How do you approach a character who isn’t an actor but is acting?
It was like playing three characters for me. That intrigued me to play Latif trying to act, and I hope that it comes across that he is slightly more tentative and finds it difficult and painful to step in those shoes. But its a matter of life and death for him, so he has no choice. I wanted him to not be very good at it. There were so many more avenues to go down with that and it always raised more questions for me with Latif. How much did he use it to his advantage? How much was he involved? With the trust that took place, whether he had to for the sake of his life and his family’s life? And how or if he started to really enjoy it to be completely in control of everyone around him and to suddenly go from a very average guy normal life to the realms of power…it must have been extraordinary. But yeah to be that was like another character all together.

How did Latif feel about the project?
Again he was there, he wasn’t there all the time, I think for my sake. It was difficult him being there. He’d be reliving what were essentially the most horrific moments of his life. I think in general he was extraordinarily excited about seeing his story. He wrote a book about it, he wanted people to know about it. His life’s been destroyed; he lost his family, his home, he has no identity. He’s stateless. But I think he loves it in a way; he loves the fact that people are seeing his story exposed. It was very moving to sit through a screening with him; he was always very supportive of how I chose to portray him or my idea of his character should be and what Uday’s character was like. But yeah it was… sitting next to him in Berlin when he first saw it, he had breathing problems and was extraordinarily anxious and you forget you remove yourself from it and you forget the story we are embellishing it and manipulating it and that’s not really what happened, and you have to remind yourself that he actually went through this.

You mentioned big embellishments; can you elaborate on what was changed?
Who really knows the whole thing? Actually, it’s one guy’s story we are taking on here. I don’t know…Michael Thomas the writer didn’t know what he actually said and how he was, but we know how he behaved towards people. In some respects, we dumbed down many of the horrific events that took place.

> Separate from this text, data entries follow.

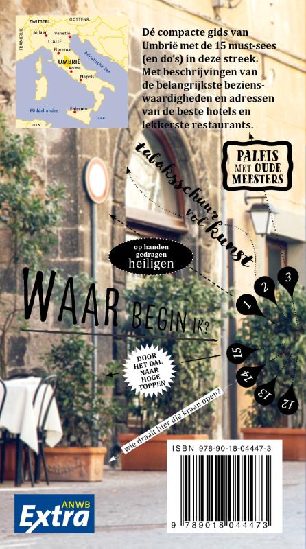 ANWB Extra reisgids Umbrië – Italië Beleef Umbrië met de compleet vernieuwde reisgids ANWB Extra Umbrië! Umbrië is het ruige broertje van Toscane. In het groene hart van Italië, land van boeren en jagers. Maar ook van heiligen en in bruine pijen gehulde monniken. Hier kom je nog tal van oude Italiaanse gebruiken tegen zoals pasta-makende oma’s of edelsmeedkunst. De ANWB Extra reisgids Umbrië biedt naast veel praktische tips over campings, vakantiehuizen, hotels en vervoer ook 15 inspirerende bezienswaardigheden die je niet mag missen. Beklim de berg Corsa dei Ceri, bezoek de middeleeuwse stad Spello of zoek verkoeling bij de watervallen van Cascata delle Marmore. Deze kleine reisgids past gemakkelijk in de tas en heeft een handige uitneembare kaart met daarop de beste tips voor overnachten, winkelen, eten en drinken en uitgaan. ANWB Extra is de succesvolste reisgidsenserie van Nederland! Met meer dan 100 gidsen biedt deze serie een reisgids voor nagenoeg iedere denkbare bestemming.Reviews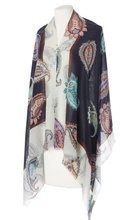 Elegancki Szal Laura Verdiani 70x180 Wełna Modal Paisley granatowy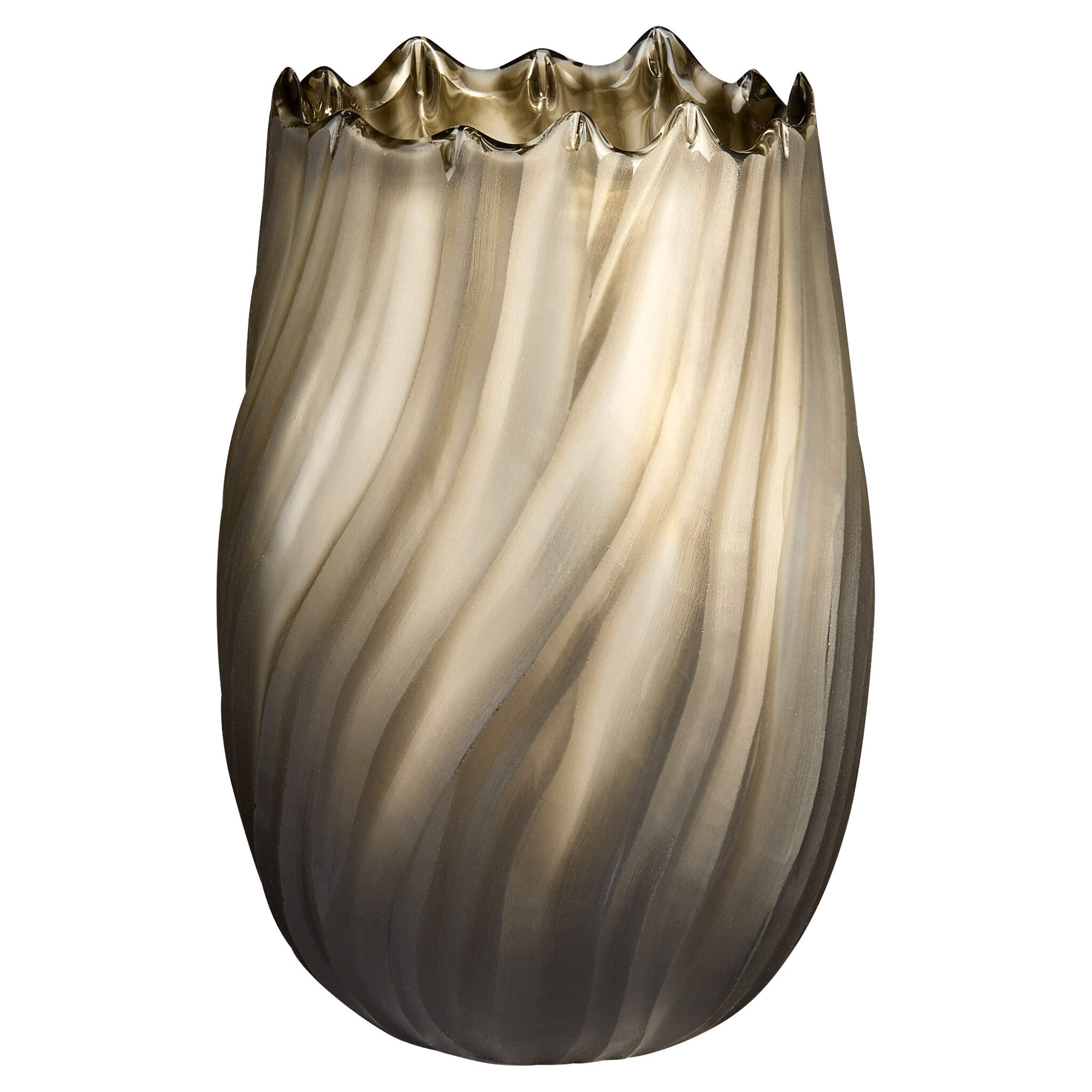 The Seagrass Vase, crafted from art glass with an elegant olive finish, features intricate hand-etched detailing for a unique, textured look. This versatile piece is available in three sizes and adds natural, earthy charm to any space, whether displayed individually or as a grouped set.

For example, what was dumbed down or left out?
I think you don’t believe it. There’s a bit in the film that we left in, the killing of his father’s best friend, but for me the most shocking is what he used to do with the newlyweds. The brides are about to be married and picking up school girls, for me it was all so disturbing and it was more so to kind of ludicrous life style. The ordering of a 25 story cake…you can’t put that in a film because people just wouldn’t believe it. That’s the excess; it’s too much, it’s not believable.

And the torture that took place! We had to take that out because you can’t accept it. We thankfully don’t live in a society where that’s part of our lives and you take a second glance and its disturbing and you don’t need it. I think it’s a good thing, but some of the stuff we did shoot and then thought, “well, this is unnecessary.” Lee, he knows that world, he knows those people. He knows that violence and I think he chose that it wouldn’t be necessary as long as you have an idea and understanding of what the man was capable of, which was anything without limits, but there aren’t specific things. Everything, everyday, that I ever read about him was truly disturbing. He was horrific and that for me was a very difficult part of playing the character because I couldn’t find anything which I could remotely relate to as a human being. He had no moral grounding. He was obviously truly, truly disturbed and that was my key in with this man, with his relationship with his father, having a dictator as a father and being exposed to scenes of torture from the age of 4.

THE DEVIL’S DOUBLE is out in limited theaters starting Friday, July 29.